I see where you say it looks like an imperial or an addict cycle frame now, but I hope you believe me when I say those had NO influence on the design. Also, my design is made of Cr-Mo. Imperials and Addicts are made of aluminum. And, neither the Addict or the Evil have the BB dip my frame does. 

I do have an idea of crown-to-axle whatever, and yeah, I guess an argyle could fit with one low enough. I've seen Argyles for 320ish, but they're the 302's. If I buy an argyle, I want the 409! I'll have to look into that . . . 

Will, when I said "too much suspension" I meant "too much suspension." I really don't want to run more than about 80 on the frame. Though, if I can find a good price on a white 409, ooh . . . Tough choice. 

This topic really went off faster than I expected. I kinda went off-topic. I honestly really just wanted to know if a new (or near-new) sherman is better than a new Gold Label, and if I should grab a new sherman when I've got some dough. That's been answered, in roundabout way . . .

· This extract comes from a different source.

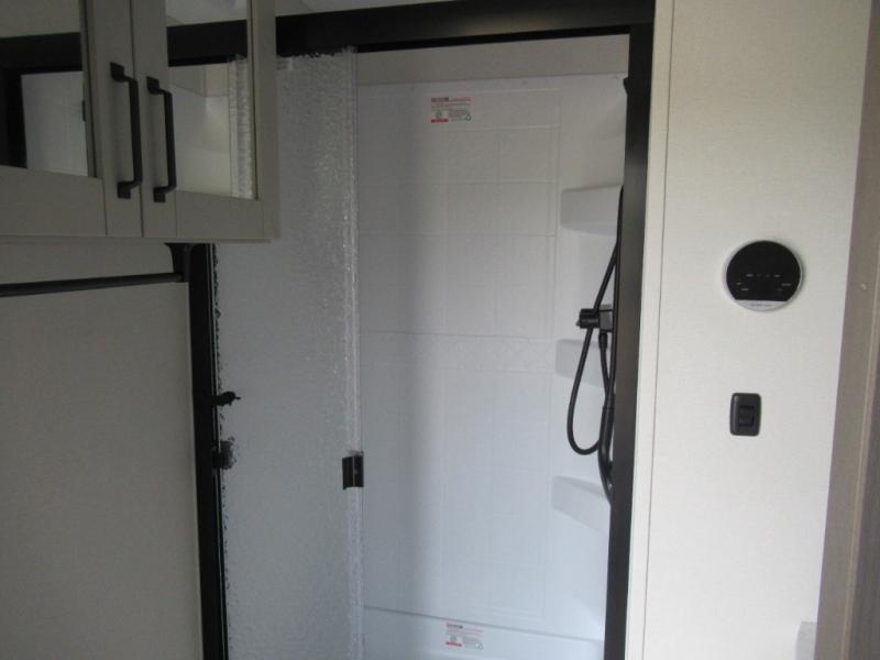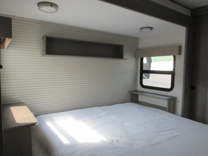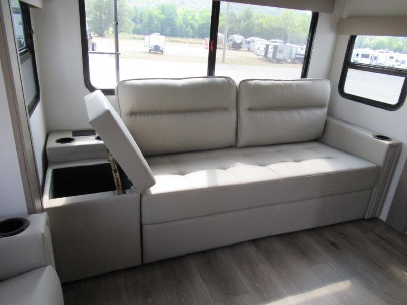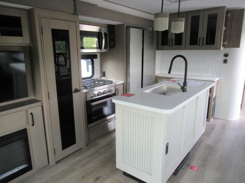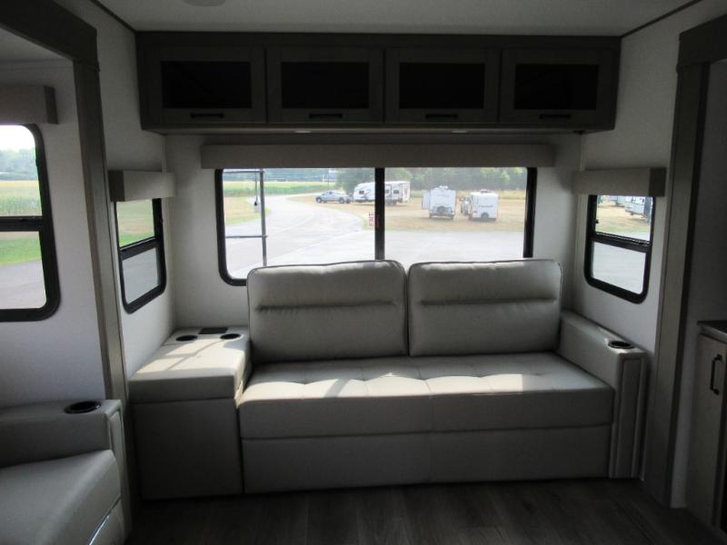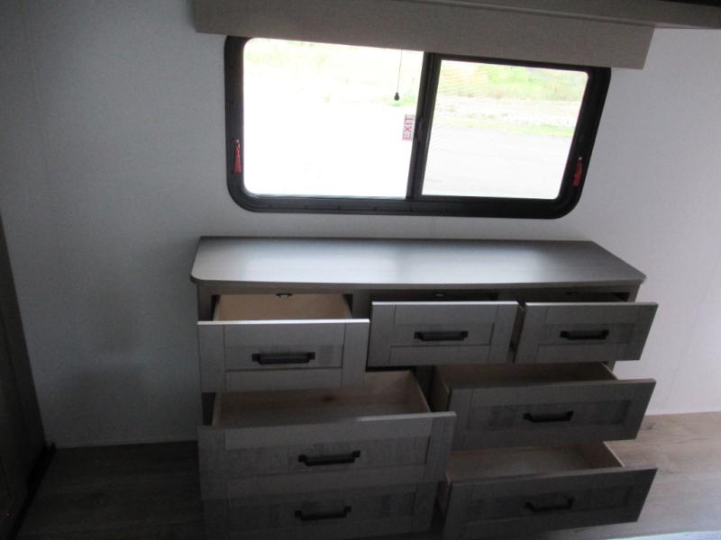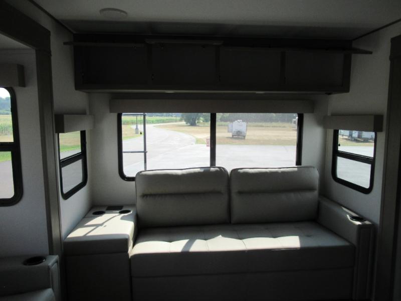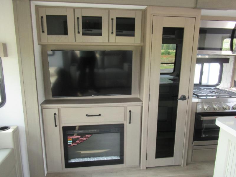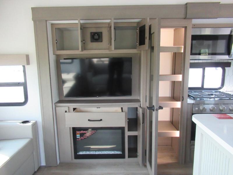 This rear living travel trailer will be perfect for extended stays at the campground or quick weekend trips to the lake! Once you've unloaded your gear from the pass-thru storage, head inside to relax on the rear tri-fold sofa with an adjustable headrest or on the theater seating across from the 40" TV and fireplace. There is also a booth dinette where you can dine together, or you can choose the optional swivel dinette. The spacious kitchen island will make meal time easier than ever, plus there is a pantry and 16 cu. ft. 12V refrigerator for food storage. The full bath is right next to the front private bedroom for easy nighttime use, and speaking of nighttime, you're sure to sleep soundly on the queen bed slide. There is also a large front closet, TV prep, plus washer and dryer prep if you choose to add these appliances.

Although, now that I've posted, any feedback on the overall look of the frame?


----------



## XSL_WiLL (Nov 2, 2004)

I think your logic is stupid.


----------



## trevorh (Jul 31, 2006)

Whos going to build this frame for you?


----------



## BikeSATORI (Mar 20, 2004)

trevorh said:


> Whos going to build this frame for you?


I've heard rumors that dirtyharry's associated agency has been collaborating efforts with a private firm from Denmark that only does extremely specialized and innovative projects. They've been known to have dealt with NASA, Ferrari, and even the pirates of the carribean among others. Some lesser-informed laymen may know them as Lego. :thumbsup: damnit, I need to stay away from this computer.... it's frickin' rainin' out....


----------



## dirtyharry (Jun 27, 2006)

Nemesis is. What logic, will? I have no logic . . . Atleast nobody understands the logic I do have. . .


----------



## Merkyworks (Jun 11, 2006)

thats like a crazy person saying that everyone is crazy and they are the sane one. hahaahh


----------



## dirtyharry (Jun 27, 2006)

um, you haven't posted anything worth reading in this topic yet. OH well, forget it, you all don't really care at the moment. I'll just post stuff when I'm actually going to get the frame built within the next month or too.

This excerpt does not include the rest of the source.